The question is on whose behalf are they being done?
You know, when the National Reconnaissance Office, the NRO, puts out a new spy satellite, for example, who are they doing this?
On whose behalf are they doing it?
Are they doing it to protect you from the next Al Qaeda attack?
Really?
I don't think so.
They're doing it for.
Whatever powerful interests are able to get their way in terms of U.S. policy and strategy.
So, spying on other countries with a view to stealing their oil, sure, okay.
But there may be a lot of other things going on here.
The point is, there's a classified black budget component to space, and we are now seeing the beginnings of commercial private space ventures.
And we really need to be thinking what's the relationship between those two?
Because I find it very unlikely that you're just going to get some renegade billionaire who just wants to go up into space and find the UFOs and report everything to the rest of the world, doubting that'll happen.
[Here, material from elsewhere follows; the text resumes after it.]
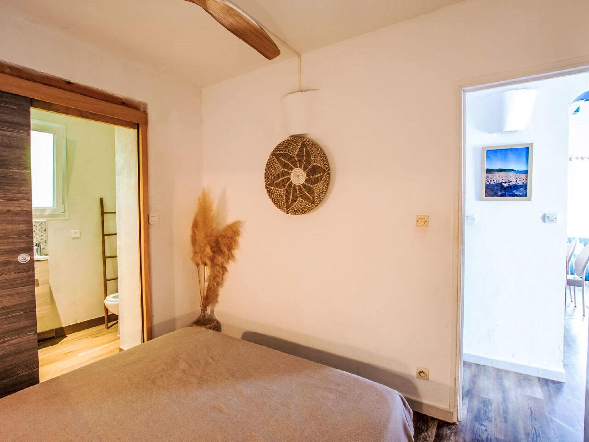 "Haut Casa Blue", 4-room house 80 m2. Comfortable furnishings: living/dining room with dining table and TV (flat screen). Exit to the terrace. 1 room with 1 french bed (180 cm, length 200 cm). 1 room with 1 french bed (160 cm, length 200 cm). Open kitchen (dishwasher, 2 induction hot plates, 2 gas rings, toaster, kettle, electric coffee machine, combination microwave). Shower, shower/WC, sep. WC. Electric heating. Upper floor: gallery with sloping ceilings with 1 bed (90 cm, length 200 cm), 1 french bed (160 cm, length 200 cm). Sep. WC. Air-conditioning. Large terrace partly roofed. Terrace furniture, barbecue. Very beautiful view of the sea and the countryside. Facilities: washing machine, iron, baby cot, hair dryer. Internet (WiFi, free). Parking at the house. Please note: maximum 1 pet/ dog allowed. Smoke alarm. Offer by a private individual according to Art. 155, IV of CGI.

I think by the time they get into space, they're going to be co opted by the whole system.
Yeah.
Well, this is actually interesting because you probably know quite a lot about the whole Bigelow Industries and their moves into space.
This guy whose company is based out of Nevada and made all these moves into space.
And he apparently went ahead and developed a huge role within MUFON in terms of getting a lot of their information that they've been building up.
And you were talking about MUFON in a way that I don't want to put words in your mouth, but they're kind of compromised a little bit to a certain extent in terms of being effective because they have these outside influences going on.
They always have.
They have never not.
Right.
Not MUFON, not the old nightcap.
National Investigative Committee on Aerial Phenomena, which was before them, they're all compromised.
Doesn't mean that there aren't good people in MUFON.
There are many good people in MUFON.
I know them and I love many of them.
But no, the organization's always been compromised.
So you can't really expect the full sort of truth out of a group like MUFON because there's not enough of the major players within it have control over what's going on inside.
And maybe they are sort of beholden.
To groups like Bigelow Industries who are investing in them and getting a lot of the information that they've been putting databases together for.
I've been trying to get to the bottom of that whole mess as it developed just not long ago.
But yes, it's true.
Robert Bigelow, billionaire, part of the Bigelow Tea Empire.
You know, if you go to the grocery store, you see the Bigelow Tea.
But he's an aerospace man, he's a brilliant man.
I've never had the pleasure to speak with Robert Bigelow.
I would enjoy very much.
Speaking with him.
I'm sure he's followed your work.
Yes, I know.
I mean, I've learned from a number of people close to him that that is the case.
Yeah, it's not surprising.
So, Mr. Bigelow, if you are watching this, you can call me anytime.
We could certainly chat.
What it certainly looks like is that this is a man with substantially high level connections, really, who has been interested and extremely knowledgeable about the UFO topic for a long time.
Robert Bigelow was at the conference back at MIT over 20 years ago, which John Mack really got his name out there as a conference on abduction.
Robert Bigelow was there and he was very quiet, but he was there and incredibly knowledgeable.
Even then, people knew that he knew a lot.
So it's a very interesting thing that you've got this guy who's an aerospace leader in the private field with a deep interest in UFOs.
And Who, a number of years ago, made an agreement with MUFON for his people to have access to certain MUFON cases that dealt with physical, not necessarily contact, but landing cases where objects were seen to come down.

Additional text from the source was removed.